Taming Two Dragons: Income Support Reform that Makes Sense

Poverty, Publications, Rick August (historic), Uncategorized

Introduction

The issue of poverty in Canada is a subject of vigorous public debate. Several Canadian jurisdictions have announced poverty reduction strategies, and there is pressure on all other governments to do the same.

A common theme in anti-poverty advocacy is to build up the welfare system as a way to reduce poverty.1 I will argue quite a different approach. I will argue that welfare, as it has developed over the last half-century in Canada, has been a detriment to both the poor and to society. I will argue for its demise, through an incremental process that makes welfare less and less necessary, and ultimately dispensable in its present form.

Governments, not lobby groups, should lead this change. It is fashionable at present to involve anti-poverty groups in policy-making, on the grounds that groups that work with the poor know poverty issues best. This is faulty logic. Most such groups have a powerful stake in the status quo. With few exceptions, they have failed to demonstrate a vision of social policy beyond the scope of welfare. The most important stakeholder in an anti-poverty policy is the public, including the low-income public, not those who work in poverty industries.

Welfare undeniably gives money to poor people. It may seem counterintuitive to argue that such a system could play a role in generating and perpetuating poverty. The arguments that follow will, I hope, demonstrate that welfare is, in fact, selfdefeating as an anti-poverty tool.

The central arguments are not complex. Welfare pays people not to work, and we should not be surprised that it creates more of what it pays for. Whereas a rational social policy would encourage economic engagement, welfare has encouraged chronic unemployment and economic marginalization. The welfare model is a failure of vision. It has, over the last half-century, consigned hundreds of thousands of Canadians to a life of diminished well-being, low achievement and diminished happiness.

My solution boils down to a basic premise: Replace policies that buy bad outcomes with programs that buy better outcomes, for the individual and for society. We should, I would argue, set about a systematic displacement of the welfare system in favour of benefits that are better public investments.

My concept of good outcomes is also straightforward. There are obviously those who think the goal of social policy is generous benefits. I disagree. I will argue that a comfortable income from passive welfare benefits is not only unattainable in practice, but also undesirable.

Very few citizens set out toward a life of benefit dependency for themselves or their children. Most plan and work toward an adequate education, a job that provides a decent living standard, respectable status in the community, a home, a family, etc.

These life goals are about connections and achievement, not entitlement to other citizens’ money. They are about people becoming active citizens: productive, selfreliant, contributing to the economy and their communities. I will argue that to expect less for low-income citizens is to curse the poor with low expectations.

In fact, our expectations and aspirations for Canada’s relative poor should be the same as for all citizens. We know that having useful work and a purpose in life are both good and necessary. Our most important social relationship is with the economy because that is how most of us make a living, but at present, too many citizens live outside its bounds. Solving that problem is the real key to reducing poverty.

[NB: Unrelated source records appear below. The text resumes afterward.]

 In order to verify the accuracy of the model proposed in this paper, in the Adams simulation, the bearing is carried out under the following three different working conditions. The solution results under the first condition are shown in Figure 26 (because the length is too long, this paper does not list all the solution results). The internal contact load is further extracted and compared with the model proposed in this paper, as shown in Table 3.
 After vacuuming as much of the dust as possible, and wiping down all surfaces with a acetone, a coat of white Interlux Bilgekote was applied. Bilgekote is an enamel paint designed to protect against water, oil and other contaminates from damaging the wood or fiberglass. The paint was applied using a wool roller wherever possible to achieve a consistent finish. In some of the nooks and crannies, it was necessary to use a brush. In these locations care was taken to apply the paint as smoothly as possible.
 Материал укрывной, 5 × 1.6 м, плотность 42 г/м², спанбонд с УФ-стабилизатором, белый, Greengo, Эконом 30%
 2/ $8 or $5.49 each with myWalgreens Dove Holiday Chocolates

To break free of the welfare era will require a culture change. The debate about benefit levels is not helpful. We need to use public resources to achieve better life outcomes. My position is that work is good, and any honest work is a good job. Dependent adults who become workers enjoy better economic status and the dignity of becoming taxpayers, and society trades an unnecessarily dependent person for a contributing citizen.

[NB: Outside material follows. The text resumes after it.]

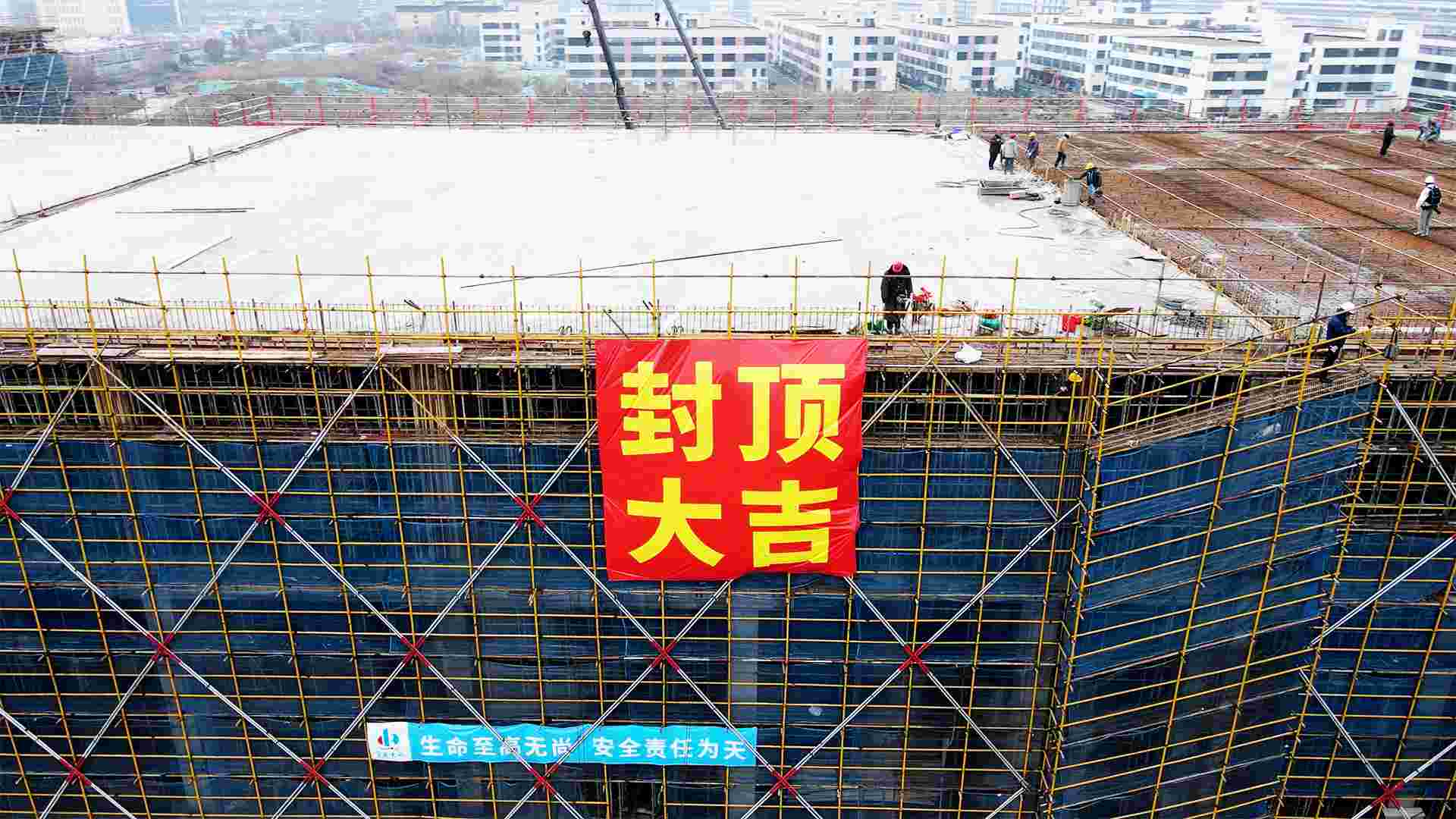 标志着本次封顶仪式圆满礼成

Of course, this is not at all what welfare is about. Welfare emerged in an era when many people thought the only issue was money, and the job of social policy was to give the poor more of it. Welfare, accordingly, developed as a system that treats the poor as if they are passive vessels into which public money is poured in expectation of good outcomes. We now know that this approach does not work, because it matters how we get our money, not just how much we have.

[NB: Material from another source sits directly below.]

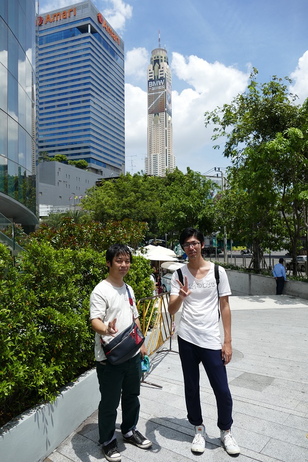 初日、タイで2番目に高い「バイヨークスカイタワー」を背景に撮影。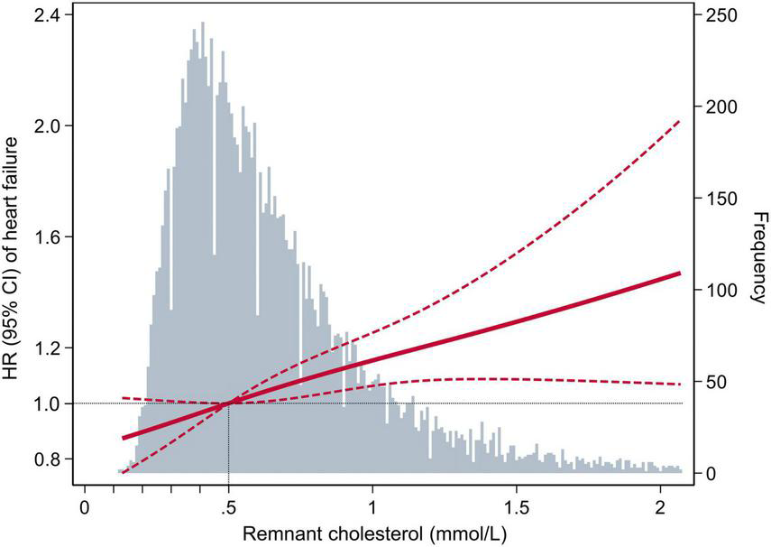 Adjusted hazard ratios (95% confidence interval) for the association of the remnant cholesterol level with the risk of heart failure. Hazard ratios (indicated by a dark-red solid line) and 95% confidence intervals (dark-red dotted lines) are derived from the multivariable-adjusted Cox regression model, adjusted for age, sex, race, education level, body mass index, smoking status, drinking status, systolic blood pressure, diastolic blood pressure, estimated glomerular filtration rate, prevalent hypertension, prevalent diabetes mellitus, use of aspirin and antihypertensive drugs, total cholesterol, low-density lipoprotein cholesterol, use of cholesterol-lowering medication. The remnant cholesterol level was centered at 0.5 mmol/L and modeled using a restricted cubic spline with knots at the 5th, 50th, and 95th percentiles. The black dotted line is the reference line as hazard ratio = 1. Histograms represent the frequency distribution of remnant cholesterol.

Everyone needs help at some time, but no one is going to escape poverty without some personal effort. One element that is lacking in the welfare legacy—indeed, actively undermined—is personal responsibility. Moving beyond the welfare era in part means restoring personal responsibility to social policy.

The issue of incentives in social policy also needs close attention. I have argued elsewhere that we should view social policy as a behavioural science, albeit one that is in its infancy.2 Incentives and disincentives cannot always predict individual human behaviour, but there is no doubt that in the longer run, governments tend to get the behaviour they pay for in social programs.

Equity and incentive have been competing public policy issues as long as there have been market economies. We have managed this tension poorly in Canada. We have used clumsy, counterproductive methods to transfer wealth from rich to poor, and as a result, we have underutilized human resources and an economically marginalized fraction of our citizenry. Most of our poverty problem is, in fact, policy driven, and that is a good thing in only one sense—what is done by policy can be undone by policy.